How do Nigerian drivers enter the road and make U-turns?

In the United States, if I am trying to accelerate and enter the road from say a parking lot, I try to minimize the number of misleading movements my car might make.  I don’t “edge out” just for the heck of it, for fear this may spook the other drivers and cause them to suddenly switch lanes in a dangerous (for them) fashion.  Furthermore, I might misjudge and move the car out too far into the lane, leading to a collision.

In Lagos, it seems the practice is to announce your intentions with as many little forward “nudges” of your car as possible.  They seem to mean “I am thinking of going sometime soon.”

After enough such nudges, the oncoming cars either go far away into the left lane, or perhaps they stop for you altogether and let you go.  Or maybe they slow down a bit and you decide you can beat them and so you pull into the lane.

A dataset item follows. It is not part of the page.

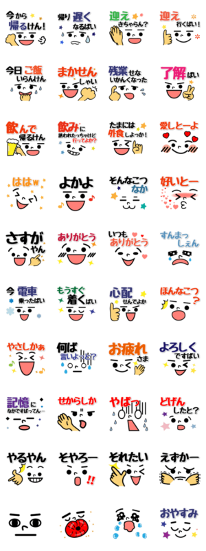 博多弁のパパ(男性)目線の顔文字スタンプです。旦那さんからママ(奥さん)へ使える言葉がいっぱい。家族以外でも友達や同僚へも日常よく使う博多弁がいっぱい♪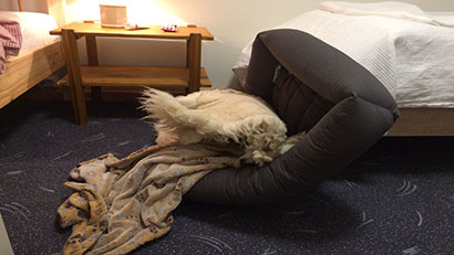 Allein bleiben geht außerhalb des Autos immer noch nicht. Wir haben eine neue Katze, die ziemlich gnadenlos mit ihr umgeht.

A higher discount rate (for entering the road) is one way to rationalize this behavior, but in a variety of other contexts I have noticed Nigerians who were not massively upset at being ever so slightly late.  So might there be some other explanation?

Maybe there is greater variability in rational assumptions about the other drivers.  You may not know how well their cars can brake, accelerate, and perhaps their lane-switching plans and propensities are harder to predict.  So by nudging your car out in successive bits, you may be “taking the temperature” of the other drivers on the road.  Keep in mind that they, too, may not have a good sense of how well your car can accelerate (furthermore some of the vehicles are tuks-tuks, not cars).  A willingness to make more nudges may be telling the other drivers that your engine is pretty good and your will is strong.

So they read your nudging pattern, and you draw inferences from their lane-switching and stopping responses.  Ex post (one hopes), everyone has a better sense of what the other cars and drivers are capable of doing.